Monsieur le président, messieurs les rapporteurs spéciaux, messieurs les rapporteurs pour avis, mesdames et messieurs les sénateurs, le débat budgétaire est toujours une occasion privilégiée, pour les parlementaires que vous êtes, de poser des questions sur la politique de défense, le budget, les programmes en cours. En l'occurrence, j'ai été servi ! Je vais donc essayer, dans toute la mesure possible, de respecter cette tradition et de répondre à vos principales interrogations.
Permettez-moi tout d'abord, monsieur le président, d'adresser un message d'amitié à Serge Vinçon, président de la commission des affaires étrangères, de la défense et des forces armées, lequel est l'un des parlementaires qui connaît le mieux ces questions et qui a souvent rédigé des rapports remarqués et remarquables.

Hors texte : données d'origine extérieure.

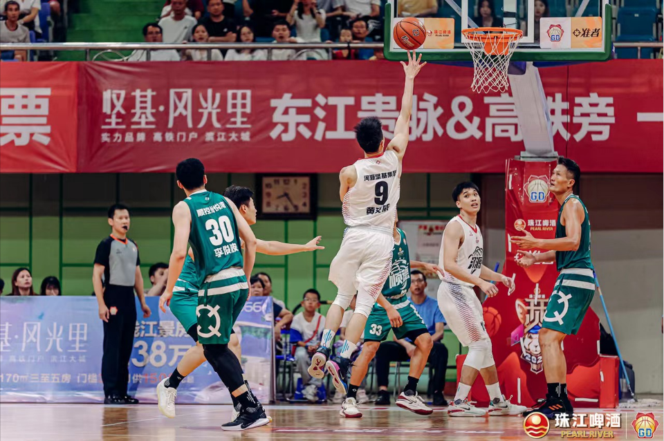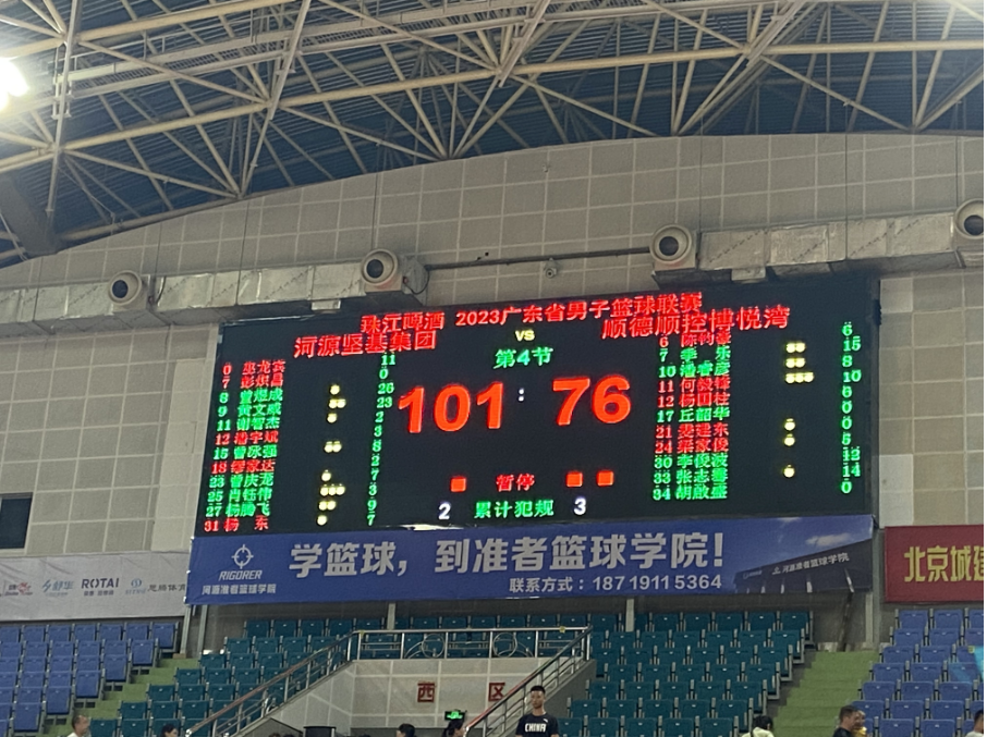 第四节,河源队正常轮换,降慢速度控制节奏,顺德队努力追分但一三节的窟窿太大无法弥补,最终河源队以101:76捍卫主场,成功晋级四强。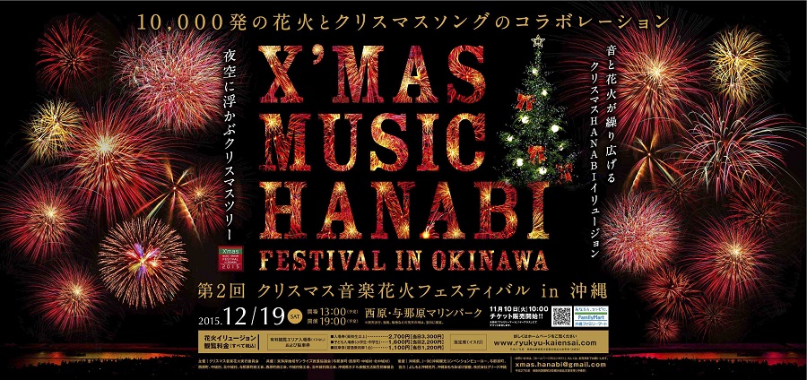 今年は会場が「西原・与那原マリンパーク」。クリスマスソングに合わせて、約1万発の花火が打ち上げられる。野外で長時間の開演になるので、もしもの為に雨具やレジャーシート等を用意して行くのがおすすめ。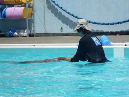 泳ぐのが苦手な子を対象に4日間チャレンジプールを行っています。今年も子ども一人に指導者一人。とても行き届いた指導ができ、参加した子どもたちの泳ぐ力は確実に伸びています。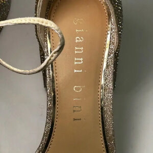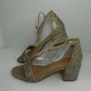 Gianni Bini gold rhinestone block open toed sandals with ankle strap size 8 1/2
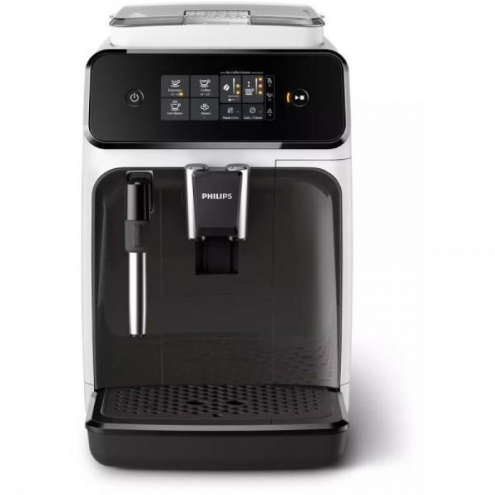 Автоматична кавомашина Philips EP1223/00 випускається в сучасному дизайні в контрастних чорному і білому кольорах. Вона виготовлена в настільному виконанні і готує напій із зерен та меленої кави. Модель потужністю 1500 Вт перетворює воду з резервуару об'ємом 1,8 літра на пару з тиском 15 бар. Для зерен є ємність на 275 грам, звідки вони безпосередньо перед приготуванням подаються на вбудований млин з керамічними жорнами, ступінь помелу в якому вибирається дванадцятьма рівнями. Напій капучино з ніжною молочною піною готується у ручному режимі. Інтелектуальна система Aroma Extract автоматично встановлює оптимальний баланс між температурою та інтенсивністю аромату кави, регулюючи при цьому кількість води. Користувач може занести в пам'ять приладу свій індивідуальний рецепт, щоб активувати його одним натисканням. Керується автоматична кавоварка Philips EP1223/00 сенсорною панеллю з інтуїтивно зрозумілими символами.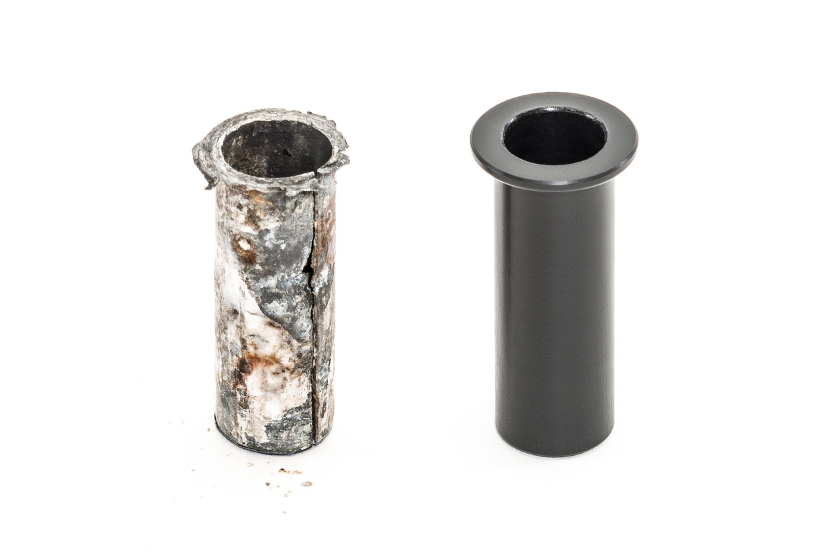 Ersetzen Sie korrodierte und abgenutzte Türscharnierstiftbuchsen durch unseren unzerstörbaren Ersatz. Unsere synthetischen Buchsen aus echtem DuPont Delrin rosten niemals und überdauern die fehlerhaften werkseitigen Metallbuchsen. Unser verbessertes Buchsen-Design bietet eine gute Passform und ermöglicht ein reibungsloses Öffnen und Schließen Ihrer Türen. Das Entfernen der Tür wird niemals einfacher sein. Türen heben gleich ab! Schlagen Sie einfach Ihre korrodierten Werksbuchsen mit dem mitgelieferten Aluminium-Entfernungsstempel aus. Unsere neuen Buchsen sind präzise bearbeitet, um von Hand oder durch leichtes Gewindeschneiden eingedrückt zu werden. Die Kits enthalten Ersatzbuchsen für die Türscharniere, ein Ausbauwerkzeug und detaillierte Installationsanweisungen. Nur für Scharniere der Erstausrüstung!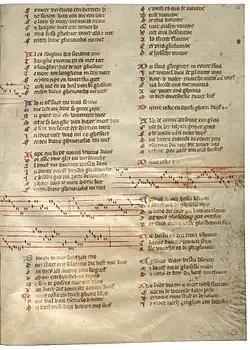 - ↑ Herman Brinkman, Ike de Loos: Het Gruuthuse-handschrift. Hs. Den Haag, Koninklijke Bibliotheek, 79 K 10 (= Middeleeuwse Verzamelhandschriften uit de Nederlanden. Band 13, Nr. 1). Band 1. Uitgeverij Verloren, Hilversum 2015, ISBN 978-90-8704-527-2, S. 41 (eingeschränkte Vorschau in der Google-Buchsuche).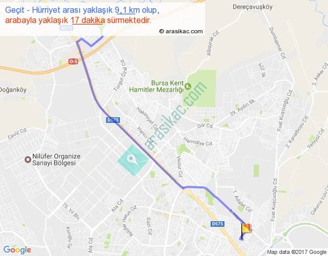 Geçit - Hürriyet arası yaklaşık olarak 90 km/h ile yukarıda belirtilen sürede olup, iki yerin kuş uçuşu uzaklığı (mesafesi) 7'dir. Yolculuk otobüsle 22 dakika sürmektedir.
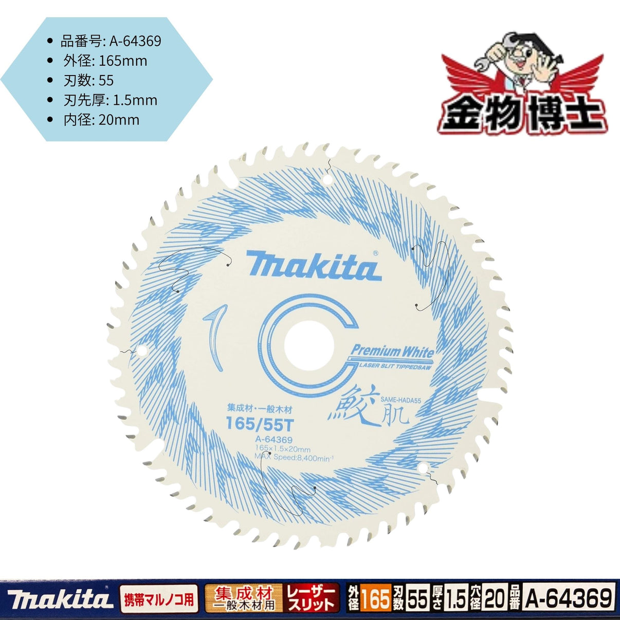 マキタ(Makita) 鮫肌プレミアムホワイトチップソー 165mm×55P A-64369 高耐久・静音・木工用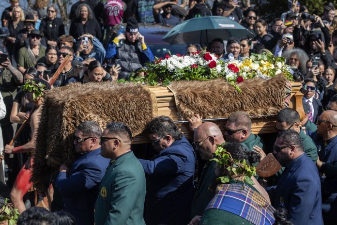NGĀRUAWĀHIA, New Zealand (AP) — They came in their thousands in the freezing dawn, parking cars far away and winding down rural roads on foot, children riding on their shoulders. They arrived in mourning black with crowns of ferns and kawakawa leaves, bone carvings or wedges of deep green pounamu -– New Zealand jade -– resting on their chests.

Je vais tenter de regrouper vos questions et vos observations autour de trois thématiques que je souhaite développer devant vous.
Premièrement, il ne faut pas s'en cacher, notre outil de défense est à la veille d'une mutation stratégique majeure.
Deuxièmement, le budget pour 2008 contribue à la maîtrise des dépenses publiques - c'est apprécié sur certaines travées et reproché sur d'autres ; c'est apprécié sur certains points et moins apprécié sur d'autres - mais il permet la mise en oeuvre de la dernière année de la loi de programmation militaire et préserve l'efficacité de nos forces.
Troisièmement, et j'aborderai à cette occasion toute une série de programmes, la politique de défense s'inscrit dans l'ensemble des politiques publiques ou cherche à le faire.
S'agissant de notre outil de défense qui est à la veille d'une mutation majeure, je voudrais rappeler, tout d'abord, quelques éléments du contexte dans lequel nous évoluons.
La France a consenti, depuis 2003, un niveau d'engagement élevé de ses forces, tant sur le territoire national qu'à l'extérieur, avec plus de 35 000 hommes déployés en permanence hors de métropole : plus de 12 000 hommes engagés en opérations extérieures - pour cette année, le chiffre est même de l'ordre de 12 500 à 13 000 -, 17 000 dans les forces de souveraineté outre-mer et 6 000 dans les forces de présence. Chaque année, si l'on ajoute les relèves, ce sont ainsi près de 60 000 hommes et femmes qui partent effectuer des missions de deux à six mois.
Les opérations extérieures concernent des opérations majeures telles que l'Afghanistan, le Kosovo, le Liban, la République de Côte d'Ivoire et, demain, le Tchad et la République centrafricaine.
Comme M. Georges Othily l'a souligné, les forces de souveraineté dans nos départements et collectivités d'outre-mer jouent un rôle majeur dans la sauvegarde maritime, la protection de nos côtes, la lutte contre les trafics et l'immigration clandestine, la protection de nos voies commerciales.
Quant aux forces de présence, elles sont engagées dans certains pays d'Afrique, en vertu d'accords de coopération et de défense.
Voilà pour le contexte opérationnel.
Sur le plan capacitaire, la France appartient au club très restreint, avec la Grande-Bretagne et les États-Unis, des pays capables d'assumer le spectre complet des opérations et d'exercer le rôle de nation-cadre au sein d'une coalition. Nos armées, vous le savez, sont internationalement crédibles ; elles remplissent globalement leurs contrats opérationnels, il est vrai au prix de certains aménagements et en consentant quelques fragilités dans certains domaines.
Parallèlement à ce constat, l'état des lieux que j'ai fait réaliser lors de ma prise de fonction a montré que la trajectoire de dépenses associée à l'acquisition et au remplacement des capacités nécessaires pour atteindre le modèle 2015 dans laquelle nous étions inscrits était en effet, messieurs Yves Fréville et Didier Boulaud, une trajectoire difficile et assez problématique.
À contrats opérationnels inchangés, les besoins en crédits d'équipement de 2009 à 2013 seraient, en moyenne, supérieurs de 41 % en volume aux crédits ouverts entre 2003 et 2007, comme M. Yves Pozzo di Borgo l'a souligné. La moyenne annuelle devrait ainsi passer d'environ 15, 5 milliards d'euros à près de 22 milliards d'euros : c'est ce que l'on appelle pudiquement « la bosse ». Celle-ci a une marche extrêmement élevée dès 2009, comprise entre 2 milliards et 3 milliards d'euros.
Sur ce sujet, messieurs les rapporteurs spéciaux, je voudrais dissiper toute équivoque.
La première cause de cette situation, monsieur Didier Boulaud, remonte à l'exécution de la loi de programmation militaire 1997-2002, dont l'équivalent d'une année a purement et simplement été rayé d'un trait de plume, la défense ayant servi de variable d'ajustement au budget de la France.